The county will have a regional child welfare consultant to help develop its corrective action plan. The consultant is also expected to help in identifying and developing the resources to complete the plan.

The state asked the county to provide monthly updates to the regional consultant. Also, the state is expected to provide the county with a site visit schedule.
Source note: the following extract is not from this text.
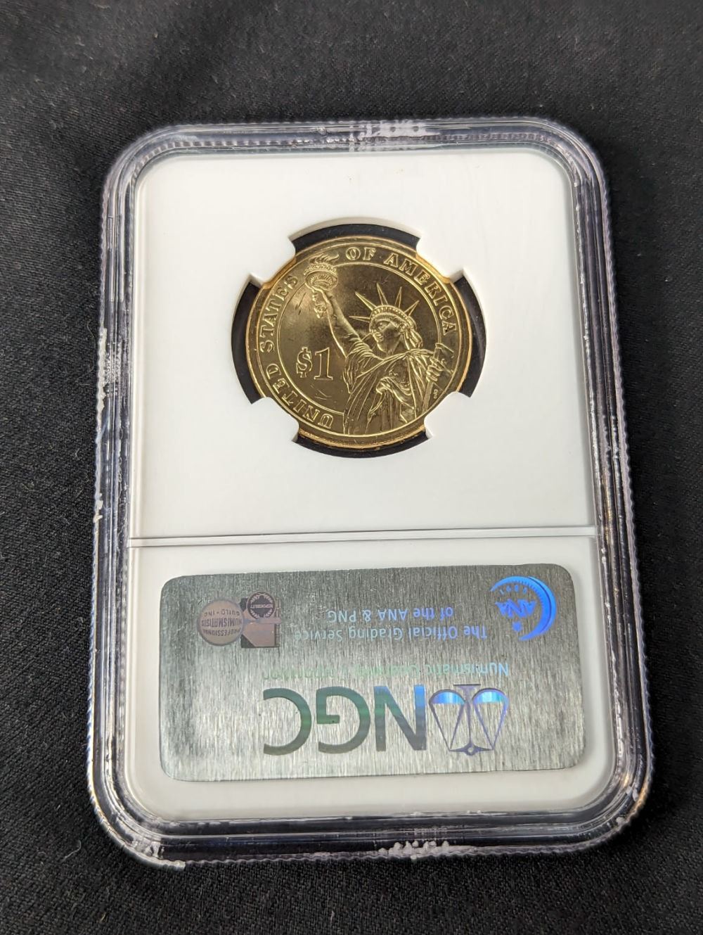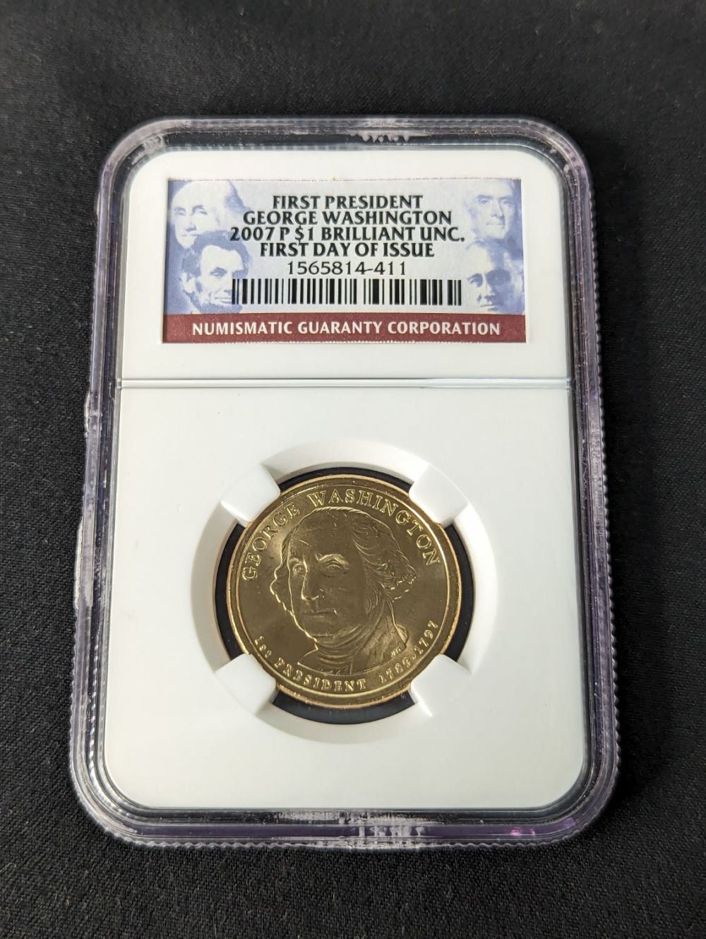 A 2007 P George Washington Golden Dollar First day of Issue NGC Graded Brilliant Uncirculated. A Beautiful Coin

Then, the state will review progress toward implementing the corrective action plan.

Also, the state acknowledged that Nash County DSS already took several steps, including:

  • Social workers will call from the field, at initiation, to (make a) safety plan with a supervisor and a program manager or deputy director.
  • Implemented a new supervision conference tool to ensure that safety and risk are assessed at all case staffing and that ongoing contacts are conducted according to policy.
  • Supervisors have begun conducting documentation verification during supervision.
  • Onboarded with the Regional Abuse Medical Specialists (RAMS) to provide guidance on serious injury cases for ages birth to 3 years of age.
  • Scheduled training with the RAMS on conducting interviews and developing timelines for serious injury cases.
  • The program manager or deputy director will review all safety plans and case decisions via participation in case staffing.
  • A request has been made to contract with Speak Write to ensure the timely entry of documentation.

Failure by Nash County DSS to comply with the NCDDS notice could result in the state withholding funding to the county's social services department, according to state law.

In early March, the North Carolina Department of Health and Human Services also completed a review of 23 Nash County CPS cases.

The review revealed similar concerns as the case involving Lane and Ricks.

  • Supervisory oversight was conducted according to policy in 39% of the cases.
  • Ongoing contacts after initiation were made with the children according to policy in 48% of the cases.
  • Ongoing contacts with the parents were made according to policy in 50% of the cases.
  • Safety Assessments correlated with the information obtained from the interviews and addressed the identified safety concerns in 65% of the cases.
  • Case decisions were appropriate and supported by documentation in 67% of the cases.
  • Documentation did not reflect discussions of ongoing safety and risk.